I did sudo rfkill unblock all. Could you help me in proceeding further.?


----------



## nims11 (Sep 15, 2011)

isnt the wifi working now?
post the output of *rfkill list all*.


----------



## vaithy (Sep 15, 2011)

Hi  praghateesh

'Yureka'

Now I've the solution is nearer.. so don't lose hope!

Just Go back to your problem..let us think logically..
what is your wireless product id?
RT 3090


what is the driver used here (verify thecommand output'nm-tool' ?



> Device: wlan0 ----------------------------------------------------------------
> Type:              802.11 WiFi
> Driver:            rt2800pci



you have a incompatible wifi driver installed...

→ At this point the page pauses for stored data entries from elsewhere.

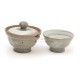 분청다기로 태토의 거친 느낌이 잘 살아 있어서 투박하면서도 소박한 느낌을 주는 개인용 다기 세트입니다.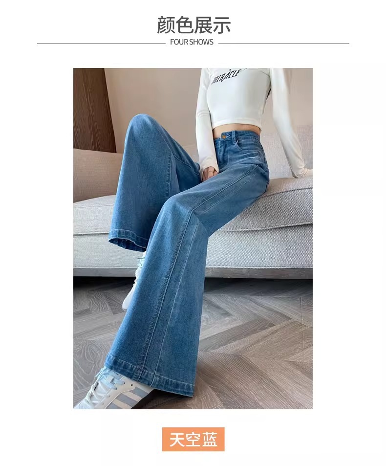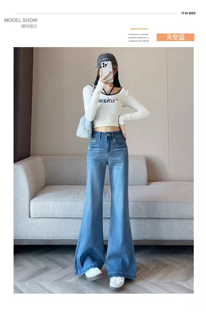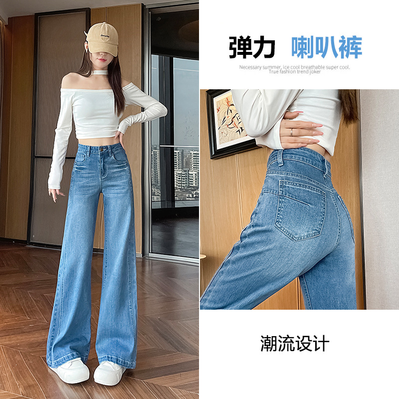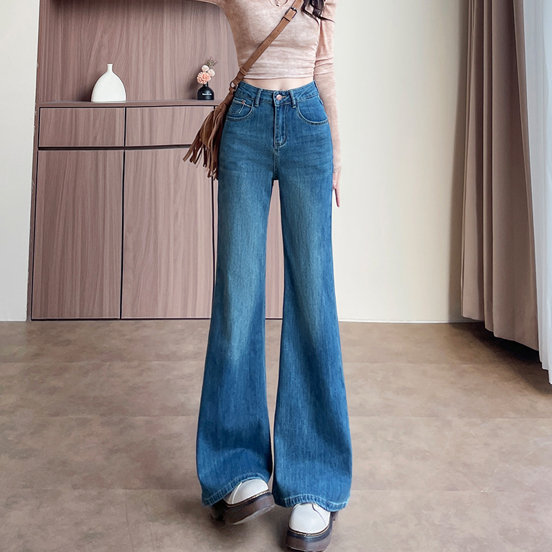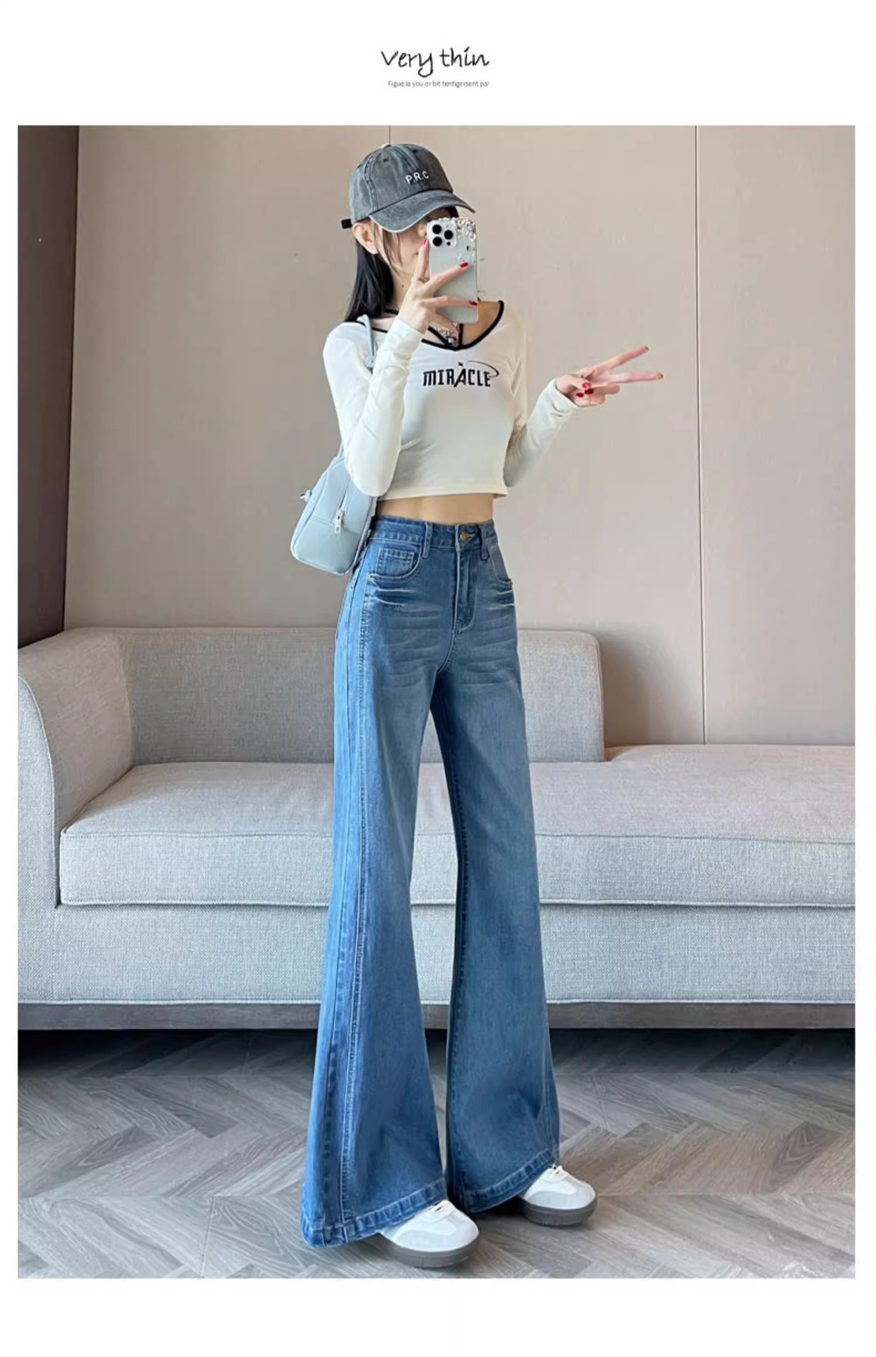 蓝色复古弹力微喇牛仔裤女2025秋季流行超火宽松遮肉阔腿喇叭裤子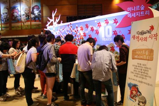 넥슨은 19일 서울 삼성동 코엑스에서 '메이플스토리' 10주년을 기념하는 행사를 열었다. 오후 3시부터 시작한 이날 행사에는 흐린 날씨에도 3000여명의 인파가 몰려 메이플스토리의 인기를 실감할 수 있었다. 특히 청소년 유저들이 북적였다.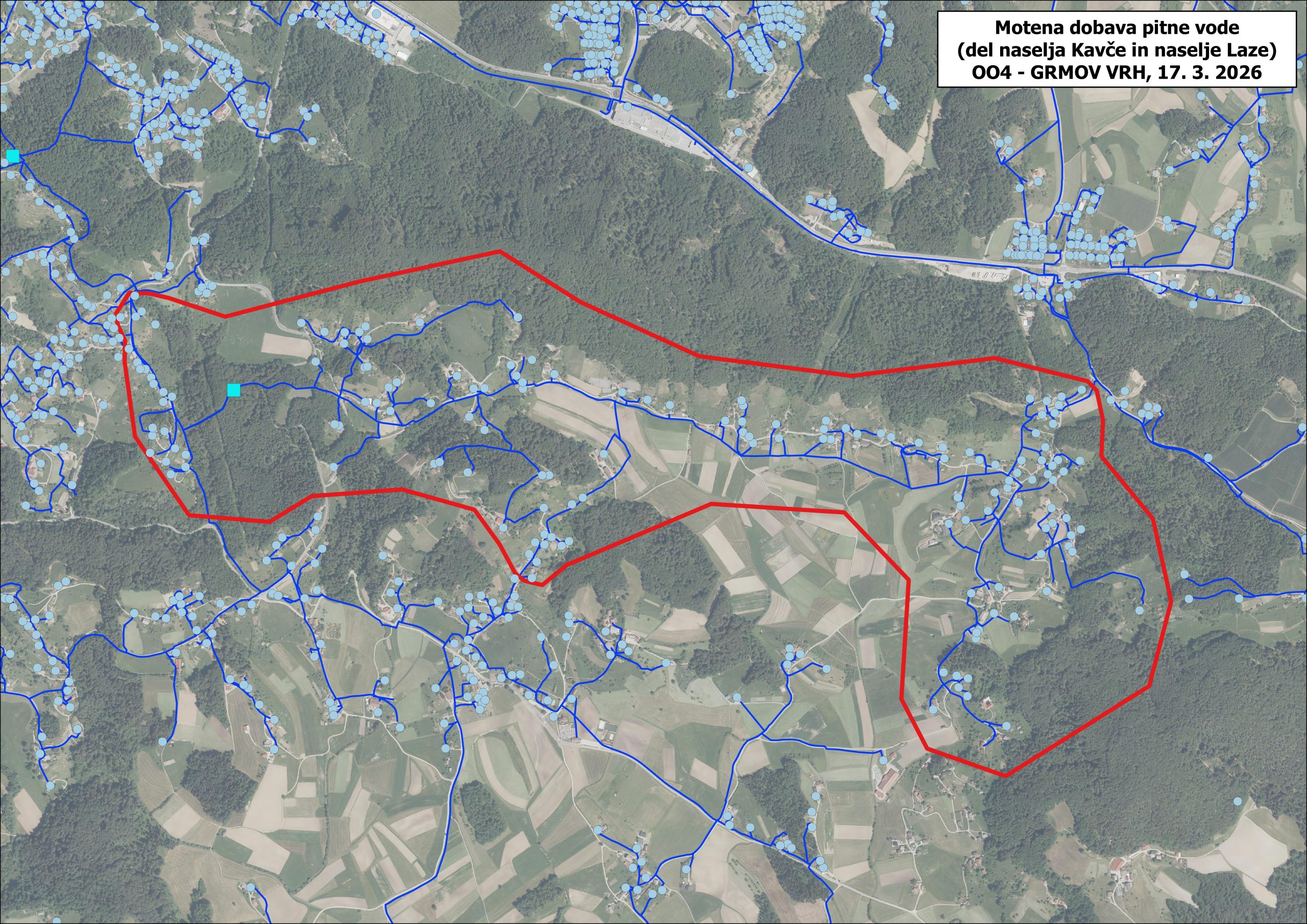 Komunalno podjetje Velenje obvešča uporabnike v delu naselja Kavče in v naselju Laze v Mestni občini Velenje, da bo v torek, 17. 3. 2026, med 8. in 15. uro zaradi nujnih vzdrževalnih del na javnem vodovodu prekinjena oziroma motena dobava pitne vode.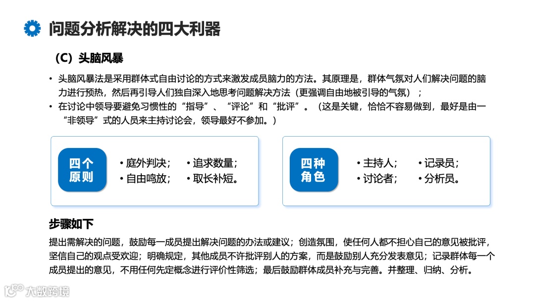 某食品班组发现产品保质期缩短,用5个为什么追问:为什么保质期短?因为杀菌不彻底;为什么杀菌不彻底?因为杀菌釜温度没达到设定值;为什么温度不够?因为温控器校准不准;为什么校准不准?因为校准周期是3个月,太长;为什么周期长?因为校准要请外部机构,麻烦——最终将校准周期调整为1个月,从根本上解决问题。头脑风暴是凝聚团队智慧的有效方式,但关键在于“自由表达”的氛围。
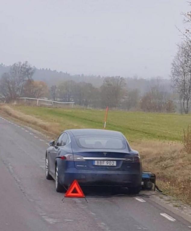 Может просто в багажник генератор положить и ехать дальше? 😄 А вообще ж видео было, как мужик на тесле попросил взять его на буксир, и пока его тащили он еще и батареи зарядил свои.

update your repositories.. click on 'additional drivers' in menu tool
now observe whether correct driver is shown?install with its.. alternatively you can search in the synaptic package manager, if old driver rt2800 is there.. uninstalled it then again installed the correct driver,along with its dkms files(file with the driver names suffix with dkms).. again report..
with regards,
vaithy


----------



## Pragadheesh (Sep 16, 2011)

Vaithy,

Clicking on Additional Drivers, I got the following error message, "Downloading package indexes failed, please check your network status. Most drivers will not be available". Is there any other way to get the drivers.?

@nims11:
The result of rfkill list all seems the same.

prag:~$ rfkill list all
0: ideapad_wlan: Wireless LAN
Soft blocked: no
Hard blocked: no
1: acer-wireless: Wireless LAN
Soft blocked: yes
Hard blocked: no 
2: phy0: Wireless LAN
Soft blocked: no
Hard blocked: no


----------



## nims11 (Sep 16, 2011)

ok, i have seen this problem a quite a times with laptops. for few, i have solved it by manually compiling and installing the driver and updating the kernel. updating the kernel also solved audio driver problems.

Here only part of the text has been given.